At the Friend Gate,
Ageratum corymbosum Bartlettina sordida (thanks, Mr. Feix!)
with a Fuchsia magellanica. Or maybe thymifolia. I didn’t check. No time!
A few weeks ago I had the rather condensed pleasure of visiting San Francisco’s Botanical Garden in Golden Gate Park for an hour.
Ahead of me in line were a couple from Scotland. Just behind me the pair were from Israel. The ticket taker was therefore not that impressed by a visitor from Los Angeles.
As far as distance traveled, I was the obvious slacker.
I chose the Friend Gate entrance because that’s where the daily plant sales are held.

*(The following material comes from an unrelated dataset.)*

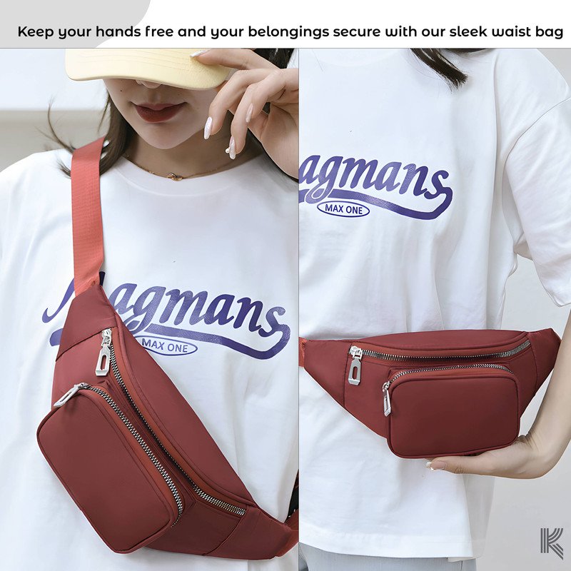 Kraptick Premium Unisex Waist Bag for Men and Women – Stylish Fanny Pack, Hip Bag, Travel Money Belt (Maroon)(DMFP150)
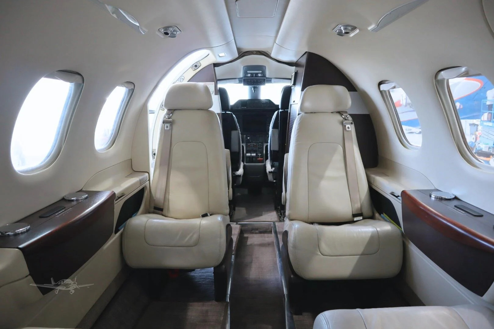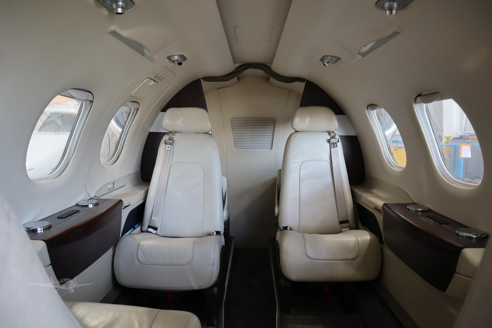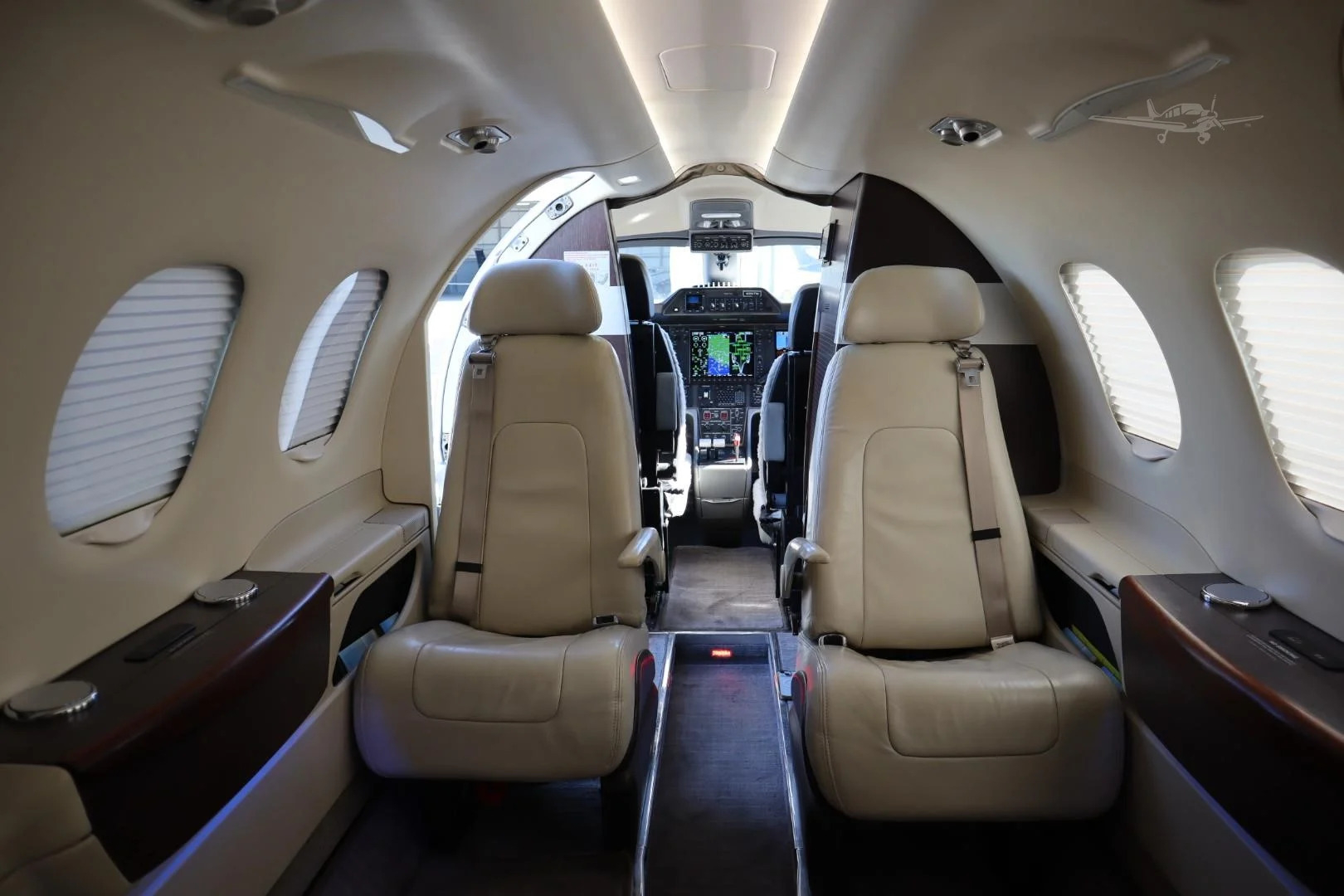 The cabin is arranged as a compact club-style environment intended for small groups, with a fully enclosed aft lavatory in most configurations and a relatively quiet feel for the class. Seating comfort is oriented toward shorter segments; headroom and aisle space are typical VLJ constraints. Baggage volume is adequate for soft bags and briefcases but is less forgiving with hard cases or a full passenger complement.

Entering through the Friend Gate was a happy accident. Just steps away were the Australian and New Zealand gardens, and not much further away the Mediterranean garden.
I immediately set to work power walking, dodging dawdlers intent on constructing the perfect selfie. Compression of time made me even more singled-minded than usual.

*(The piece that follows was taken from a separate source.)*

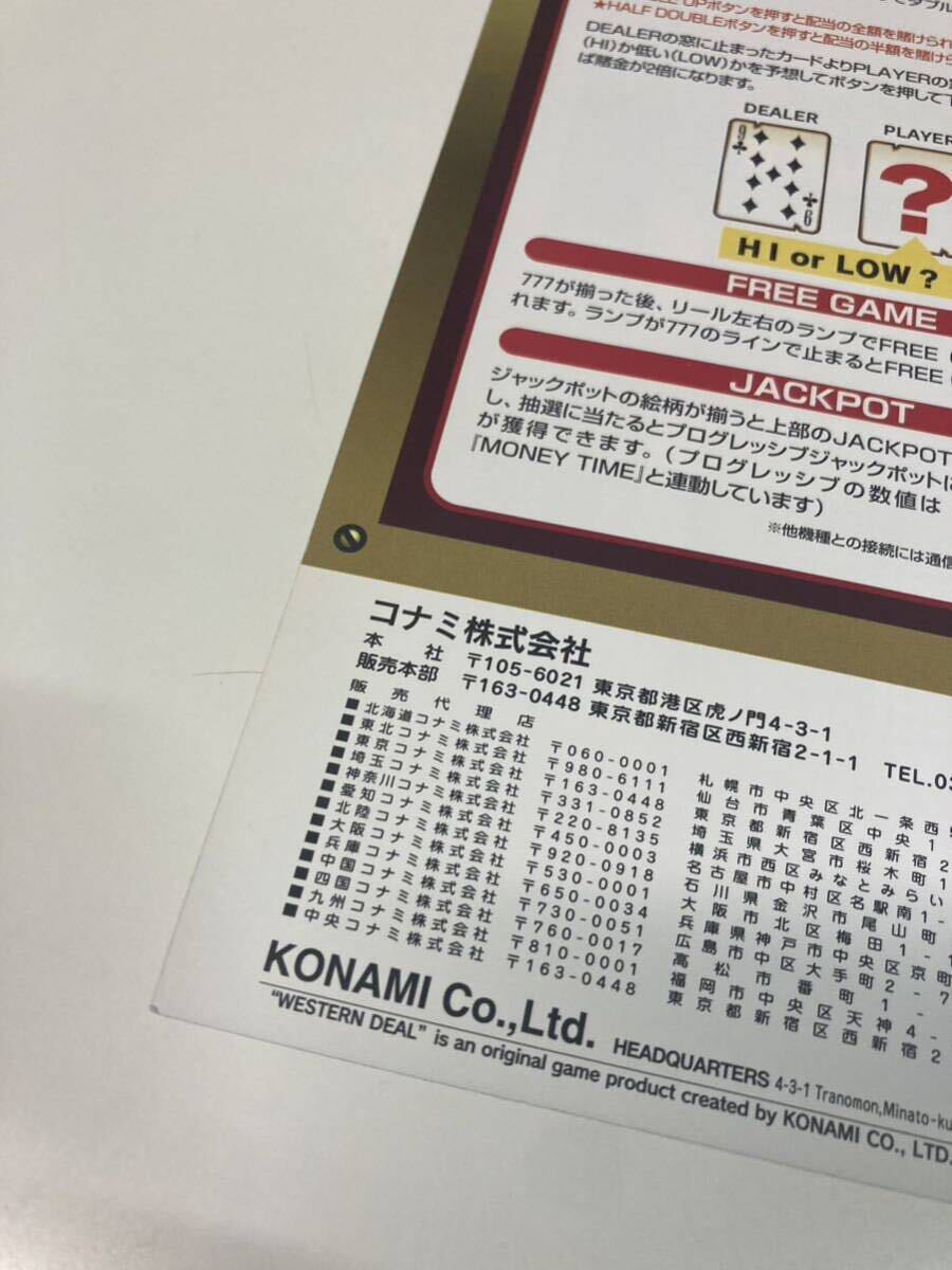 ウエスタンディール メダルゲーム KONAMI コナミ アーケード チラシ カタログ フライヤー パンフレット 正規品 非売品 販促

also at the entrance, beschorneria was in bloom
There is such tremendous excitement walking the paths of a world-class botanical garden. If you have one in your city or nearby, then you know that the treasures of a botanical garden can only be fully revealed in frequent visits several times a year. (“Don’t miss a spectacular array of blooms each winter in one of the finest collections of deciduous magnolias in the United States.“)
Sometimes a week can make a difference. If you blink, you’ll miss the bloom time of bearded iris, for example.
Poppies are fleeting. These may still be in bloom next month. SF’s climate is kinder to blooms than mine. (Nice heat wave in LA, April!)
I visit the Huntington often (yesterday, in fact, for the plant sale) and Los Angeles Arboretum, and each visit is unique depending on what’s in bloom, whether it’s the aloes, the puyas, the proteaceae.
Or wherever your botanical passion leads you. Rhododendrons, roses, ferns.
For example, say you think rhododendrons are boring, stuffy foundation hedges.
And then you meet this one on the path. It was labeled Rhododendron ‘Loderi Game Chick,’ but an image search shows a conflict with that name.
For our purposes, it shall be known as ‘Unknown Sexy Rhododendron.”
I know nothing whatever of this vast family of plants from Asia, except they always make me think of English explorers like E.H. Wilson.
There’s a book about the prodigious plant-collecting Mr. Wilson on the shelves around here somewhere.
I do know that it’s the tropical vireya rhodies that just might be persuaded to grow in Los Angeles.
ooh, nice tomentum!
And there’s always the never-before-seen-or-heard-of plant, at least for me. This visit it was Oldenburgia grandis. From South Africa, a tree in the asteraceae family.
Oldenburgia in the immediate foreground, with Phyllica pubescens shining golden in the midground, and restios
‘Unknown Sexy Grevillea’
Trees grown unfettered by utility poles, cramped parkways, or neighbor disputes are always the glory of any botanical garden.
It probably goes without saying but, botanically, I confess to being rather promiscuous. I don’t specialize. I love it all.
And I don’t know San Francisco Botanical Garden as well as I’d like. I’ve always loved the climate. When briefly living here a couple years, the fog never grew tiresome.
It was always an intriguing, mysterious, shape-shifting stranger, with the power to alter and muffle sound. And also to bestow really big hair.
Plants love it, so of course I do too, my big hair notwithstanding. And unlike here in Los Angeles, there was relatively good rainfall in Northern California this past winter.
This visit, the cistus were in bloom in the Mediterranean garden.
Asphodels were stirring.
Echiums love their adopted home in California.
The Canary Islander Sonchus palmensis carpeted the hillside.
With Euphorbia characias and mellifera, orange spires of isoplexis.
Phlomis and helichrysum
If you’ve ever tried to create a tightly woven community of plants based on similar light and moisture needs, on any scale, you’ll appreciate what’s been done here.
Massed for effect, but each plant’s distinctive characteristics legible to the eye.
If I was a local, I know my next visit would be at their annual plant sale, this May 6 and 7, 2016.